Alla veneranda età 100 anni e qualche mese, il 39esimo Presidente degli Stati Uniti Jimmy Carter, l'uomo dal sorriso smagliante, non ha visto l'alba del 2025 soltanto per pochi giorni. Un po' come accadde al suo acerrimo avversario, il repubblicano Henry Kissinger, un altro grande vecchio della vita politica americana, che se ne è andato battendo il secolo di vita sul finire del 2023.

Premio Nobel per la Pace nel 2002 per le sue iniziative per contrastare e superare i conflitti armati nel mondo, filantropo e anima di una Fondazione non profit per i promuovere i diritti umani, Jimmy Carter trova oggi una rivalutazione della sua permanenza alla Casa Bianca (1977-1980), dopo essere stato affossato per decenni dare fiato all'apologia e fare spazio all'apoteosi degli anni Ottanta, quelli delle presidenze americane di Ronald Reagan (1981-1988) e dei governi in Gran Bretagna di Margaret Thatcher, la Lady di ferro: i due volti del neoliberismo con il freno a mano tirato su regole e diritti, e l'acceleratore premuto a tavoletta su tagli al welfare per rendere politicamente afone le classi subalterne e avviare al definitivo crepuscolo il '68, il potere sindacale e delle sinistre.

E fu proprio nella competizione con l'attore Reagan, già governatore della California, noto negli anni Cinquanta più per essere stato la longa manus del maccartismo negli Studios di Los Angeles, che per pellicole da consegnare alla storia del cinema internazionale, che Jimmy Carter s'imbatté in una campagna di diffamazione che avrebbe avuto notevoli ripercussioni sulla sua immagine e sulla sua mancata rielezione.
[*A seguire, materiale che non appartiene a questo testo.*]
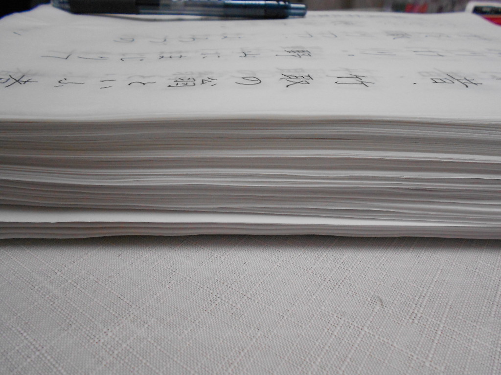 「続くかどうかわからないし~」と、数ヶ月おきに100枚ずつ市販のトレーシングペーパーを買ったのでなかなかの厚さになりました。文京女子高校で売っているペーパーを使う方が薄いようですし、送料を入れても安いようです。

Il pretesto nacque da un presunto rapporto di consulenza tra il governo libico del colonnello Gheddafi e il fratello minore del presidente, Billy Carter, personaggio estroverso, imprenditore, tra l'altro coinvolto da una antica casa di birra in crisi a promuovere sul mercato un nuovo marchio per risollevarne le sorti, sfruttando indirettamente il nome del potente parente. In difficoltà per la situazione economica con una inflazione a due cifre, per le tensioni internazionali (Iran e Afghanistan) e il fuoco amico (la discesa in campo dell'ultimo dei Kennedy, Ted) Jimmy Carter si ritrovò anche bombardato da notizie veicolate a senso unico, prive di oggettivi riscontri, che in breve si trasformarono in un autentico diluvio di accuse che rilanciavano ipotetici condizionamenti della Libia sulla politica estera della Casa Bianca, sapientemente sfruttata dall'entourage repubblicano di Ronald Reagan.

In una successiva inchiesta, il Wall Street Journal sostenne che nel Billygate c'era anche lo zampino di Francesco Pazienza, un agente del Sismi, condannato in absentia per estorsione di informazioni e diffusione di notizie false. Infatti, lo stesso agente del Sismi, affiliato a una loggia massonica, sospettato di far parte della Loggia P2, condannato da più tribunali, il cui nome entra di diritto nei principali misteri italiani legati alla strategia eversiva, sosteneva che Michael Leeden, "l’autore degli articoli, fosse stato pagato profumatamente per distorcere la realtà". Una prassi che il faccendiere Pazienza, come prese a etichettarlo la stampa nazionale, maneggiava con grande abilità, sia da agente segreto, sia da consulente del dominus dell'Ambrosiano Roberto Calvi, finito appeso al Blackfriars Bridge, il ponte dei Frati neri sul Tamigi londinese,

E Leeden, che non era certo secondo a nessuno nel leggere le alchimie della politica statunitense, avrebbe proseguito su strade controverse, contigue all'intelligence americana quanto a Reagan, anche con un ruolo nello scandalo Iran-Contra che scosse la Casa Bianca a metà degli anni Ottanta. Di Michael Leeden, si ricorda in Italia una relativa notorietà e visibilità grazie al libro Intervista sul fascismo con Renzo De Felice per i tipi Laterza (1975) che per un decennio gli spalancò le porte dei palazzi della politica italiana, favorito anche dalle sue posizioni conservatrici.

Tuttavia, per ritornare a Jimmy Carter, la sua stella tramontò, secondo i più accreditati commentatori statunitensi, il 15 luglio del 1979, quando in un discorso televisivo in prima serata dalla Casa Bianca, come ha scritto oggi sul Washington Post Dan Balz, "il presidente parlò di una crisi di fiducia nell'America e chiese una rinascita dello spirito americano. Questo sarebbe stato ricordato come il discorso del "malessere", una parola che Carter non usò mai ma che raccolse l'essenza del messaggio cupo che trasmetteva sul paese". Ma il danno politico avrebbe potuto essere molto meno sostanziale se Carter si fosse fermato al discorso. Al contrario, osserva Balz, il presidente chiese le dimissioni di tutto il suo gabinetto. Un'azione che segnalò l'idea di una presidenza sull'orlo del baratro.[2]